ACTIVITY
Using the data that follows, output only the lines from the line with "Душевой поддон Ideal" up to and including the line with "Táto súprava obsahuje", exactly, leaving pictures aside.

EXTRACTED ENTRIES
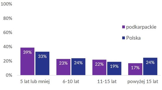 Organizacje pozarządowe z województwa podkarpackiego są nieco młodsze niż te działające w całym sektorze. 39% stowarzyszeń i fundacji z Podkarpacia działa nie dłużej niż 5 lat, w całej Polsce jest to 33%. Z kolei powyżej 15 lat ma 17% organizacji z podkarpackiego, podczas gdy w całym sektorze jest ich o 7 punktów procentowych więcej.
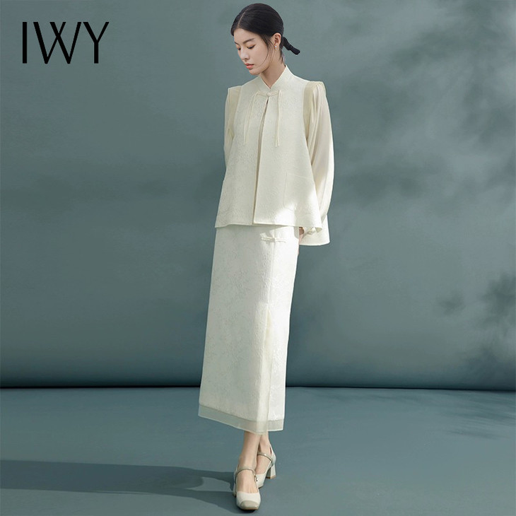 米白色唐装改良版 搭配开叉长裙
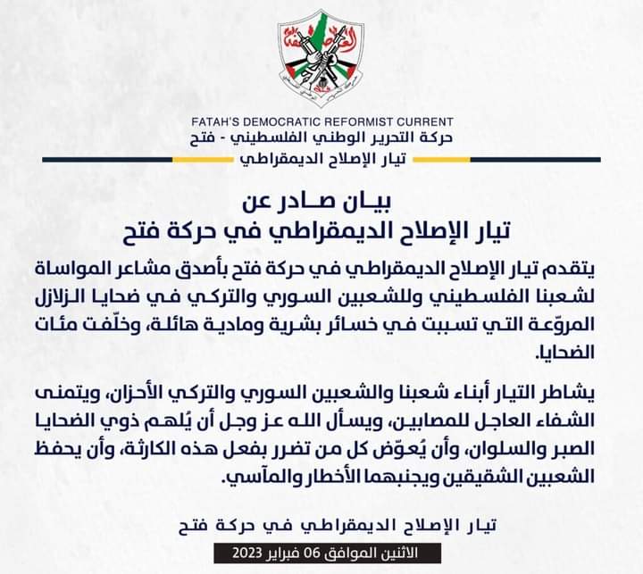 غزة: تقدم تيار الإصلاح الديمقراطي في حركة فتح، بأصدق مشاعر المواساة للشعب الفلسطيني، والشعبين السوري والتركي، في ضحايا الزلازل المروعة التي تسببت في خسائر بشرية ومادية هائلة، وخلفت مئات الضحايا.
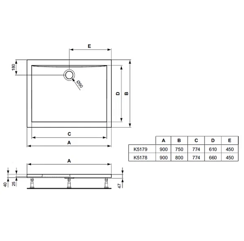 Душевой поддон Ideal Standard K517801 Ultralight 90х80 см, Euro White (евробелый) купить по доступной цене
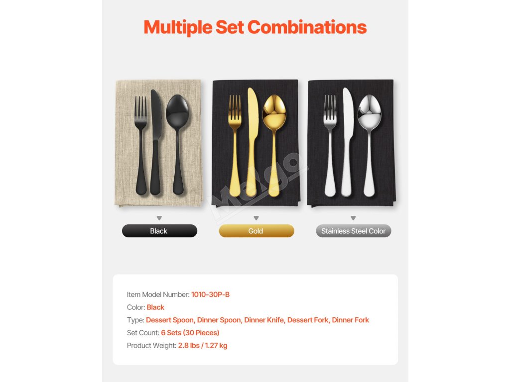 Táto súprava obsahuje kombináciu 2 typov lyžíc, 2 typov vidličiek a 1 typu noža, vrátane dezertných lyžíc, obedových lyžíc, obedových nožov, dezertných vidličiek a vidličiek na večeru, ktoré spĺňajú vaše každodenné potreby pri stolovaní.
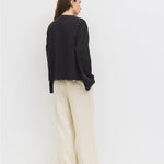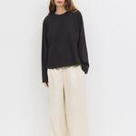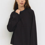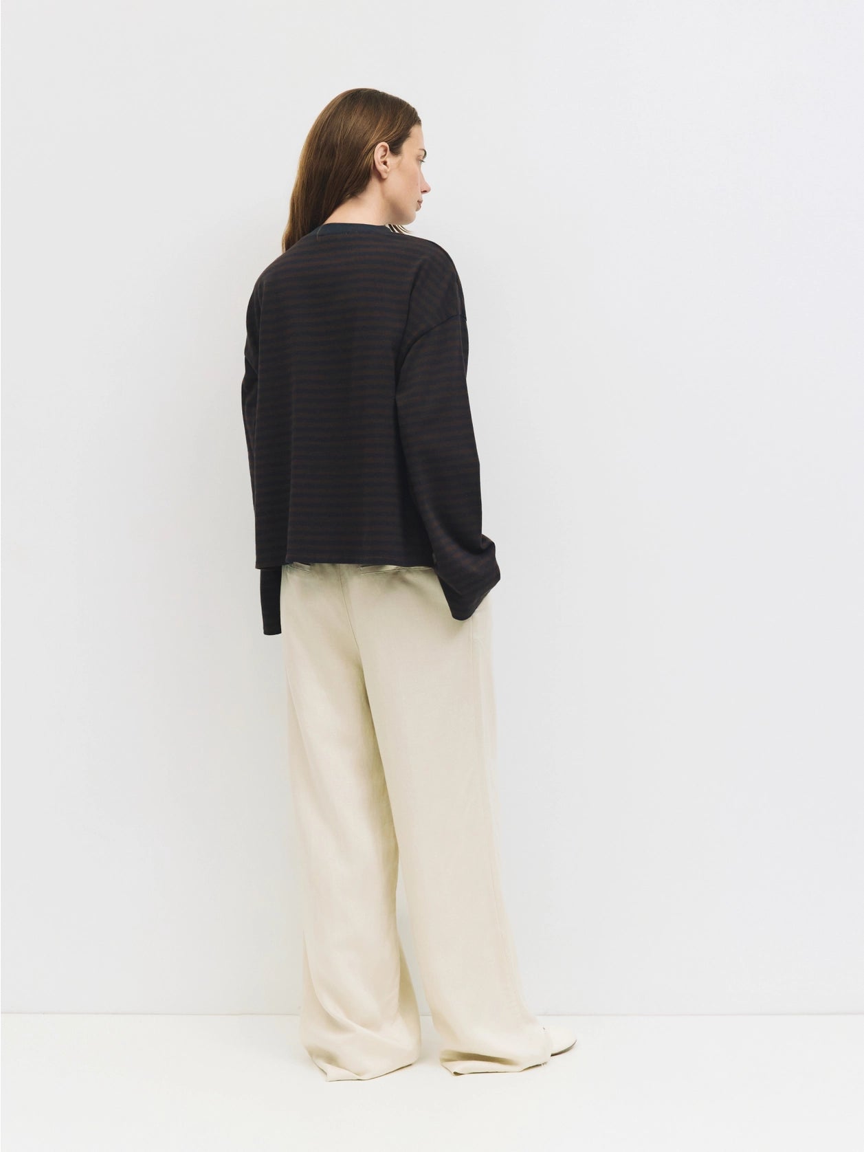 The Callahan Top is a relaxed-fit long-sleeved tee made from midweight striped fabric. It features a solid color crewneck and drop shoulders for a casual, comfortable look. A versatile essential for layering or wearing on its own.
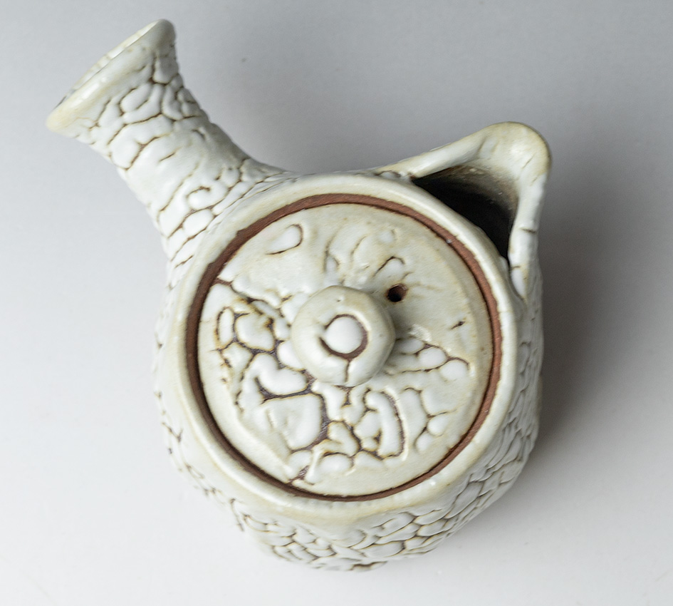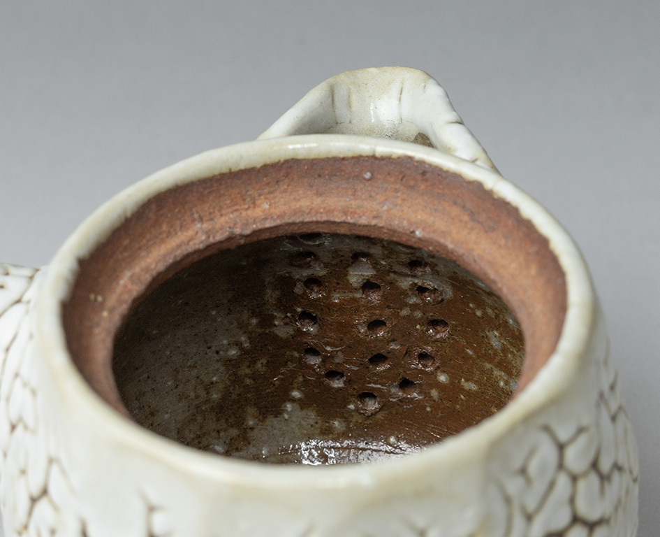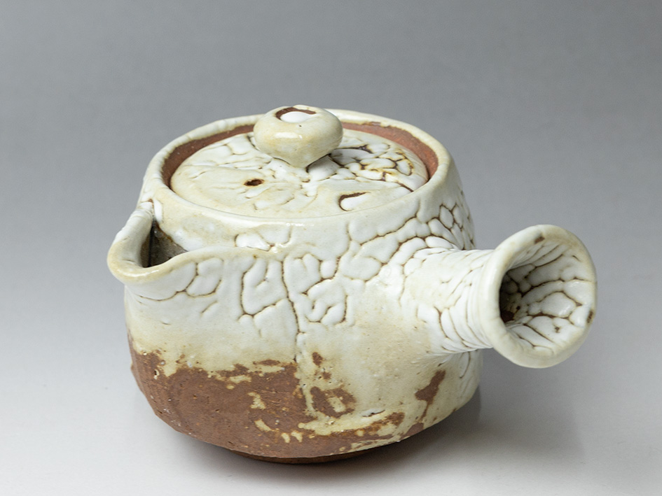 Thickly glazed in the kairagi style, this small teapot is the ideal size for gyokuro and high quality sencha green tea. The "kairagi"pattern, so named because it was thought to resemble the sharkskin used for the handles of Samurai swords, provides a perfect contrast between the smoothness of the glaze and the textured clay beneath.

TASK RESULT
 Душевой поддон Ideal Standard K517801 Ultralight 90х80 см, Euro White (евробелый) купить по доступной цене
 Táto súprava obsahuje kombináciu 2 typov lyžíc, 2 typov vidličiek a 1 typu noža, vrátane dezertných lyžíc, obedových lyžíc, obedových nožov, dezertných vidličiek a vidličiek na večeru, ktoré spĺňajú vaše každodenné potreby pri stolovaní.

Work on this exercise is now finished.